──────── Stored data
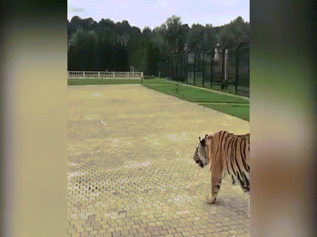 Nhưng khi người đàn ông bắt đầu rung chuông, con vật nhanh chóng quay đầu và chạy ra bãi cỏ. Video tiếp diễn khi con hổ chạy ra xa trong khi người đàn ông tiếp tục đuổi theo.
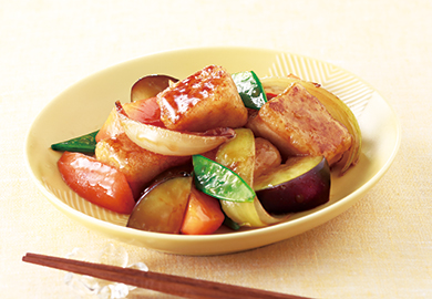 • 3.②のフライパンにBを入れて炒め、②を戻し入れて炒め合わせ、混ぜ合わせたCを加えて味を絡める。
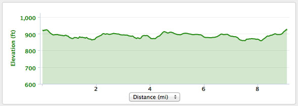 I kept moving pretty good and made it through the second transition in 37 seconds. My legs usually feel heavy as I start the run, but I noticed a slight numbness in my feet for at least half a mile this time – something new for me. I kept a good pace as I ran along the paved trail, but my breathing was pretty bad. The first half of the run was a bit of a struggle and when I felt like I should have run a mile, it was frustrating to realize I’d only run half a mile. I knew it was a bit of a climb at the beginning, and when I look at the elevation map, now I realize why the first half felt so tough…especially right off the bike.
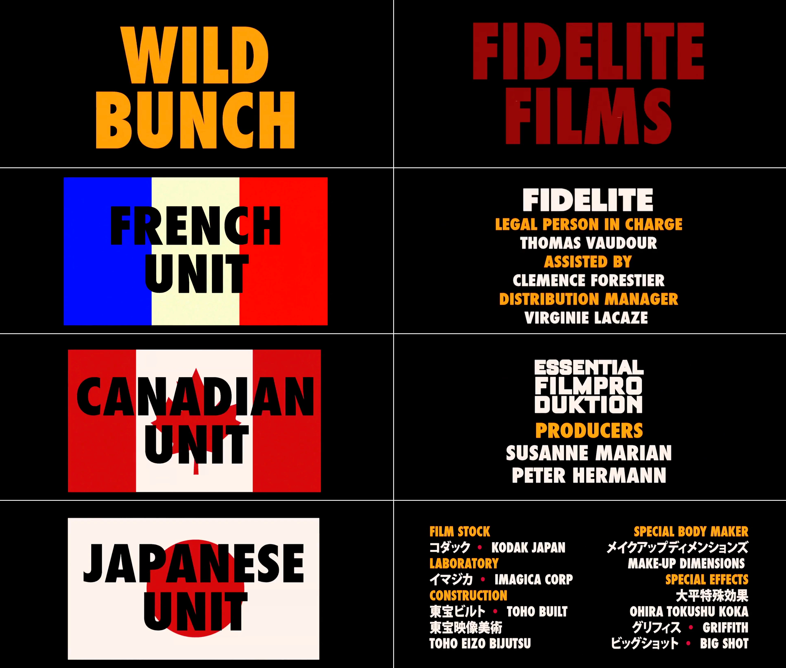 In addition to Futura Extra Bold Condensed, the logos of the production and distribution companies feature Euphoric (Wild Bunch) and Futura Extra Bold (Fidelité).
────────────────
### [Task objective]
Write the material above out again exactly. Omit every image.

### [Solved exercise]
 Nhưng khi người đàn ông bắt đầu rung chuông, con vật nhanh chóng quay đầu và chạy ra bãi cỏ. Video tiếp diễn khi con hổ chạy ra xa trong khi người đàn ông tiếp tục đuổi theo.
 • 3.②のフライパンにBを入れて炒め、②を戻し入れて炒め合わせ、混ぜ合わせたCを加えて味を絡める。
 I kept moving pretty good and made it through the second transition in 37 seconds. My legs usually feel heavy as I start the run, but I noticed a slight numbness in my feet for at least half a mile this time – something new for me. I kept a good pace as I ran along the paved trail, but my breathing was pretty bad. The first half of the run was a bit of a struggle and when I felt like I should have run a mile, it was frustrating to realize I’d only run half a mile. I knew it was a bit of a climb at the beginning, and when I look at the elevation map, now I realize why the first half felt so tough…especially right off the bike.
 In addition to Futura Extra Bold Condensed, the logos of the production and distribution companies feature Euphoric (Wild Bunch) and Futura Extra Bold (Fidelité).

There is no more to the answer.